Only the stretch below from the line holding "公開シンポジウムのようす" through the line holding "TBP Roseberry biais fleuri" should be restated, word for word and with both ends included; pictures stay out.

(Extracted entries begins)

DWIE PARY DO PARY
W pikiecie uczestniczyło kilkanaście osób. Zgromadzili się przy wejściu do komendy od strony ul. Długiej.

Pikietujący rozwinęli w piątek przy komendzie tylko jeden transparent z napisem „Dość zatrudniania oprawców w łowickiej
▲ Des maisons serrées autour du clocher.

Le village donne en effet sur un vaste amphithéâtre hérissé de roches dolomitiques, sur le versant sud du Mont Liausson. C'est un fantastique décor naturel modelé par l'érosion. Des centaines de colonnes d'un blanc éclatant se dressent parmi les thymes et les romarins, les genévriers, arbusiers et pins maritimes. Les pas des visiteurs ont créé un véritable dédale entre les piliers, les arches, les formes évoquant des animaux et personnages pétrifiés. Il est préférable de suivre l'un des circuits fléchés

(Extracted entries ends)
(Extracted entries begins)

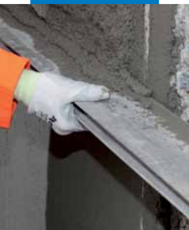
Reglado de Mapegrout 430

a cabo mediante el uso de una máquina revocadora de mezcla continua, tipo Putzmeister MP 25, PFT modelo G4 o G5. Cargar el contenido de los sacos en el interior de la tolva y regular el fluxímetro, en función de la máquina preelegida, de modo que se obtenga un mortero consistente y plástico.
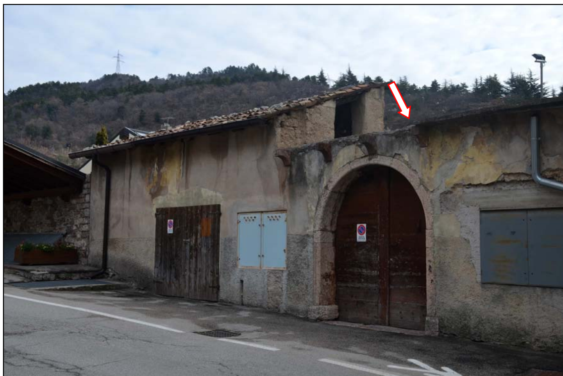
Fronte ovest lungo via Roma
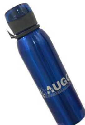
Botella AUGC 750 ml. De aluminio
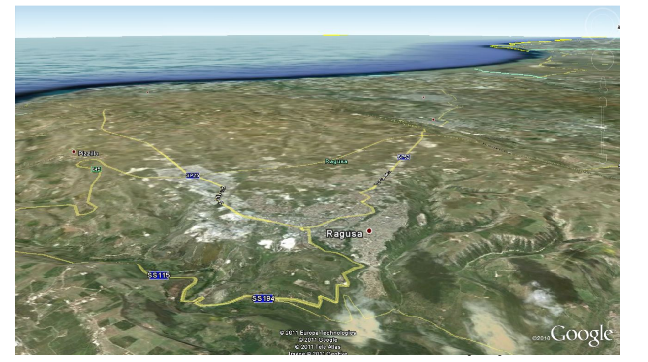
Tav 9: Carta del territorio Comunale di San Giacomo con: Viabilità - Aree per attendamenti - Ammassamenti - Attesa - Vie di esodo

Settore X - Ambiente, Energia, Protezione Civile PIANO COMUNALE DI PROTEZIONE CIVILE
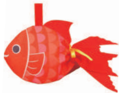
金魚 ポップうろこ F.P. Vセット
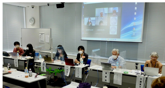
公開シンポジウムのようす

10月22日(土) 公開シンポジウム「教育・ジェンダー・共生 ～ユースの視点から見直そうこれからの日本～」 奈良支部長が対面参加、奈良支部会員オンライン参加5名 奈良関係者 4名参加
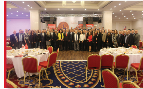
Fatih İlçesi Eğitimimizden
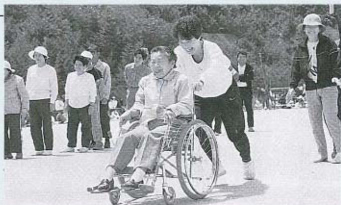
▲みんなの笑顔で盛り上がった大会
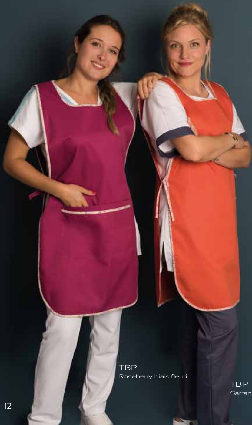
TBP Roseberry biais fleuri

(Extracted entries ends)

- **Reply**
公開シンポジウムのようす

10月22日(土) 公開シンポジウム「教育・ジェンダー・共生 ～ユースの視点から見直そうこれからの日本～」 奈良支部長が対面参加、奈良支部会員オンライン参加5名 奈良関係者 4名参加
Fatih İlçesi Eğitimimizden
▲みんなの笑顔で盛り上がった大会
TBP Roseberry biais fleuri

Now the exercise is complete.